56 Views Asked by At

In hard margin SVMs, we have the primal optimization problem:

\begin{align*} \min_{\vec{w}, b} \max_{\vec{\alpha}} \quad & \frac{||\vec{w}||^2}{2} + \sum_{i=1}^m \alpha_i \left( 1 - y_i (\vec{w} \cdot \vec{x}_i + b) \right) \\ \text{s.t.} \quad & \alpha_i \ge 0, \quad i = 1, ..., m \end{align*}

As a result, we also have this condition:

$$\alpha_i \left(y_i (\vec{w} \cdot \vec{x}_i + b) - 1 \right) = 0$$

From this, I understand that if $\vec{x}_i$ is not a support vector, then we must have $\alpha_i = 0$. But must it be the case that $\alpha_i > 0$ for each support vector? By the conditions above, don't we really just have $\alpha_i \ge 0$ for each support vector?

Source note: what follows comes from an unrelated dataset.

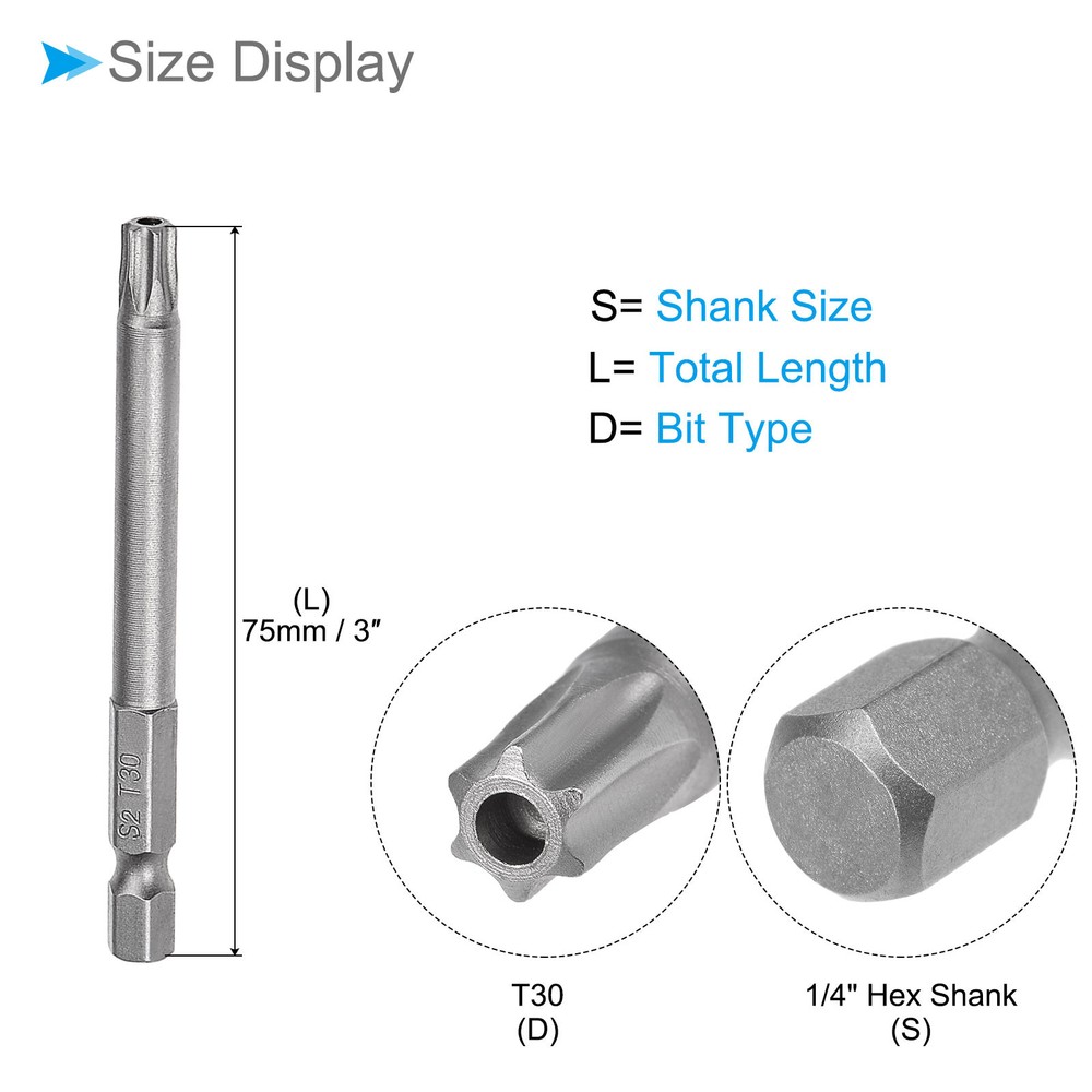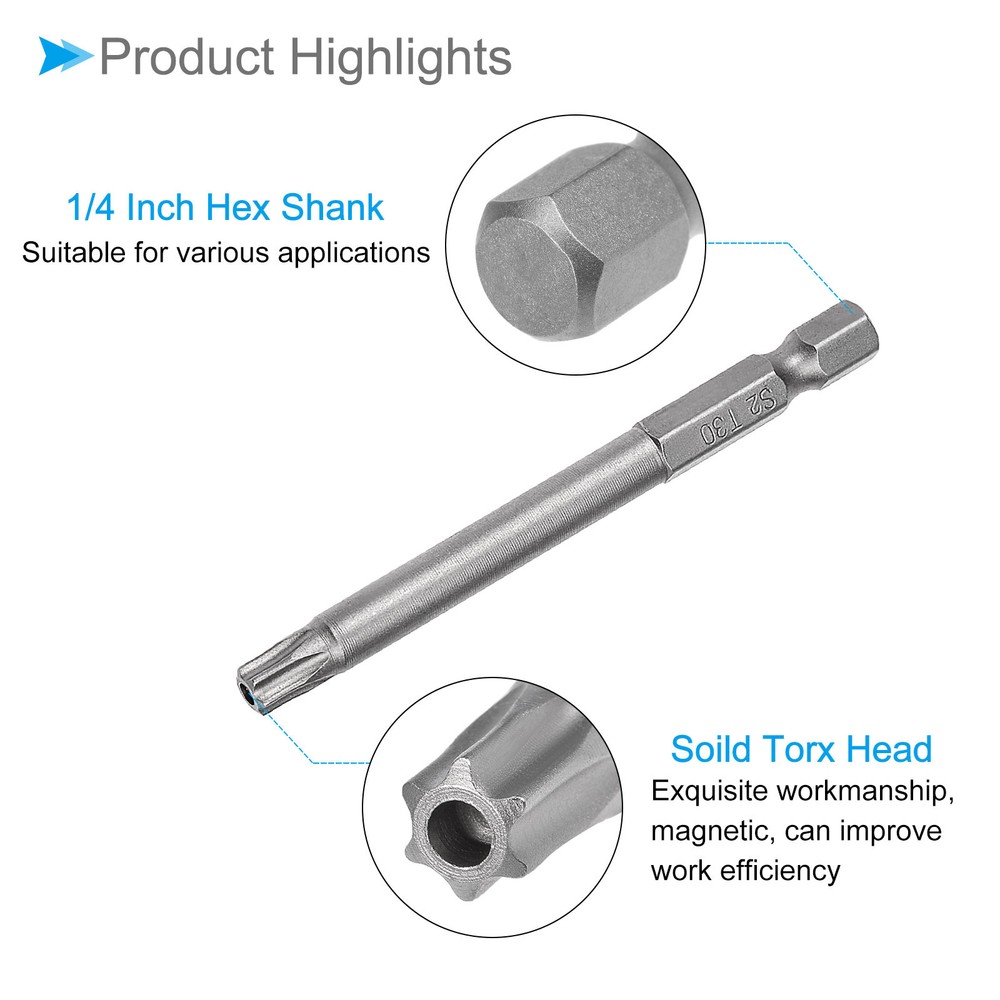 Document Attributes: *Screwdriver Bit Type: T30*Total Length: 75mm / 3 inch*Surface Treatment: Sandblasted*Material: S2What Is Included:* 5 Pieces x Torx Head Screwdriver BitsApplications & Features: -The screwdriver bit is made of S2 steel, which is wear-resistant and impact-resistant, with a hardness of up to 58HRC, and has been sandblasted and surface treated for durability.-These torx screwdriver bits feature a magnetic design that allows them to easily attract and hold screws. This feature ensures convenient installation by securely holding the screw in place before and after fastening, preventing accidental drops or misalignment.Useful Tips:-When using the torx head screwdriver bit, ensure a proper fit with the screw head to prevent stripping or damage. Apply appropriate pressure and torque to avoid over-tightening or under-tightening. Inspect the bit regularly for any signs of wear or deformation and replace if necessary. T30 Torx Head Screwdriver Bit 3" L 1/4 " Hex Shank Magnetic Star Drill 5Pcs Attributes: *Screwdriver Bit Type: T30 *Total Length: 75mm / 3 inch *Surface Treatment: Sandblasted *Material: S2 What Is Included: * 5 Pieces x Torx Head Screwdriver Bits Applications & Features: -The screwdriver bit is made of S2 steel, which is wear-resistant and impact-resistant, with a hardness of up to 58HRC, and has been sandblasted and surface treated for durability. -These torx screwdriver bits feature a magnetic design that allows them to easily attract and hold screws. This feature ensures convenient installation by securely holding the screw in place before and after fastening, preventing accidental drops or misalignment. Useful Tips: -When using the torx head screwdriver bit, ensure a proper fit with the screw head to prevent stripping or damage. Apply appropriate pressure and torque to avoid over-tightening or under-tightening. Inspect the bit regularly for any signs of wear or deformation and replace if necessary. Hot Item Payment 1.We accept eBay payment . 2.Payment must be received within 7 business days of auction closing. Shipping 1.We ship to your eBay or Paypal address. Please make sure your eBay and Paypal address is correct before you pay. 2.Items will be shipped within 1-3 business day when we received payment. 3.Delivery time depends on destination and other factors. Description Policy T30 Torx Head Screwdriver Bit 3" L 1/4 " Hex Shank Magnetic Star Drill 5Pcs Attributes: *Screwdriver Bit Type: T30 *Total Length: 75mm / 3 inch *Surface Treatment: Sandblasted *Material: S2 What Is Included: * 5 Pieces x Torx Head Screwdriver Bits Applications & Features: -The screwdriver bit is made of S2 steel, which is wear-resistant and impact-resistant, with a hardness of up to 58HRC, and has been sandblasted and surface treated for durability. -These torx screwdriver bits feature a magnetic design that allows them to easily attract and hold screws. This feature ensures convenient installation by securely holding the screw in place before and after fastening, preventing accidental drops or misalignment. Useful Tips: -When using the torx head screwdriver bit, ensure a proper fit with the screw head to prevent stripping or damage. Apply appropriate pressure and torque to avoid over-tightening or under-tightening. Inspect the bit regularly for any signs of wear or deformation and replace if necessary. Hot Item Payment 1.We accept eBay payment . 2.Payment must be received within 7 business days of auction closing. Shipping 1.We ship to your eBay or Paypal address. Please make sure your eBay and Paypal address is correct before you pay. 2.Items will be shipped within 1-3 business day when we received payment. 3.Delivery time depends on destination and other factors.

I read an intuitive explanation (don't know if it's accurate) saying that we need $\alpha_i > 0$ for support vectors because this represents the importance of the support vectors in determining the margin. I agree it doesn't make intuitive sense if all $\alpha_i = 0$. But mathematically, how are we assured $\alpha_i > 0$ for all support vectors?

Despite lots of study, I'm confused. Thank you for your patience and any detailed explanations you can provide!